So what: using task‑level measures instead of job titles singled out positions dominated by routine grading, proctoring, and content churning as highest risk and pointed adaptation toward prompt‑writing, assessment design, and district policy development as the quickest protective levers (see the full McKinsey K–12 AI analysis on teacher time and automation, the Education Week educator survey on AI in schools, and local pilot learnings from Indianapolis in the Indianapolis AI education pilot learnings and efficiency case studies).
Activity | Average Hours/Week | Potential Reduced Hours |
---|---|---|
Preparation | 11 | Reduced to 6 |
Evaluation & Feedback | 6 | Save ~3 hours (to ~3) |
Administration | 5 | Reduced to 3 |
Instruction & Engagement | N/A | Least impact |
“In my school, it is not outright banned for anyone and is instead only punishable if it was used to give the answers to an assignment or assessment.
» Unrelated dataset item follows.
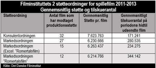 Når man sammenregner de totale støttebevillinger (både manuskript-, udvikling- og produktionsstøtte) i de to støtteordninger, er der ligeledes en betydelig skævhed. Konsulentordningen sidder på 62 % af støttemidlerne, Markedsordningen på kun 38 %, hvoraf romertalsfilm (fortsættelser som Far til fire – til søs, Min søsters børn i Afrika og Alle for to) belægger sølle 16,4 %.

I have not heard of anyone getting in trouble for using it to brainstorm or something like that.”
Adjunct and Routine Classroom Instructors
(Up)Adjunct and routine classroom instructors in Indianapolis face outsized exposure because the most automatable chunks of teaching - assignment preparation, model answers, and repetitive grading - map directly onto common adjunct workloads; time‑strapped instructors need low‑effort, high‑impact tactics to protect the parts of their role that require judgment and relationship‑building.
Practical first steps from campus centers - experimenting with ChatGPT, benchmarking an AI response to your own assignment, and drafting a short syllabus AI policy - help reveal where automation is safe and where assessments must be redesigned, as the Johns Hopkins guide for time‑strapped instructors on adapting to AI in the classroom details (Johns Hopkins guide: Adapting to AI in the Classroom for Time‑Strapped Instructors).
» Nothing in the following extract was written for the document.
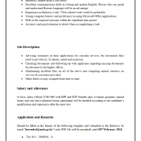 Job Description - Advising customers on their applications for consular services, the documents they need to provide etc, by phone, email and in person.
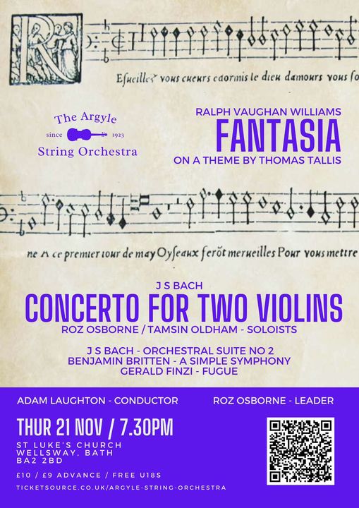 The concert will be conducted by Adam Laughton and the orchestra led by Roz Osborne. Roz and Tamsin Oldham are our soloists in Bach’s Concerto for Two Violins.

An open‑case study of an adjunct who wrestled with using AI to grade papers shows the ethical and quality tradeoffs schools must weigh (case study: adjunct grading, AI ethics, and quality tradeoffs); so what: a small pilot that uses AI to pre‑score and flag uncertain essays can shave hours from grading while preserving instructor time for mentorship and in‑class activities AI cannot replicate.
Metric | Value |
---|---|
Article | Faculty members' use of artificial intelligence to grade student papers |
Accesses | 23k |
Citations | 42 |
Altmetric | 39 |
“Redesigning assessments with AI in mind” might be the 20th item on a long list of to-dos for the coming semester.
Grading Assistants, Assessment Graders, and Test Proctors
(Up)Grading assistants, assessment graders, and proctors in Indianapolis are facing immediate exposure because off‑the‑shelf AI can reliably handle high‑volume, routine evaluation tasks - auto‑grading platforms and LLM‑powered essay scorers speed feedback and group answers, and tools like Gradescope are already used at Indiana campuses - yet they struggle with nuance, fairness, and high‑stakes judgment (see the Ohio State synthesis on AI and auto‑grading in higher education: Ohio State synthesis on AI and auto‑grading in higher education).
Empirical work shows promise but caution: a large study reported ChatGPT's essay scores were within one point of trained human raters 89%, 83%, and 76% across three batches and matched exactly only about 40% of the time, which supports using AI for formative or draft grading but not sole high‑stakes decisions (Hechinger Report large study on ChatGPT essay grading accuracy).
Practical local adaptation in Indianapolis should pair AI pre‑scoring with human review, clear disclosure, and rubric calibration; a small pilot that uses AI to pre‑flag uncertain essays can cut grader workload while preserving the teacher's eye for creativity and equity (see our Indianapolis teacher AI tool use cases and guide to using AI in education: Indianapolis teacher AI tool use cases and guide (2025)).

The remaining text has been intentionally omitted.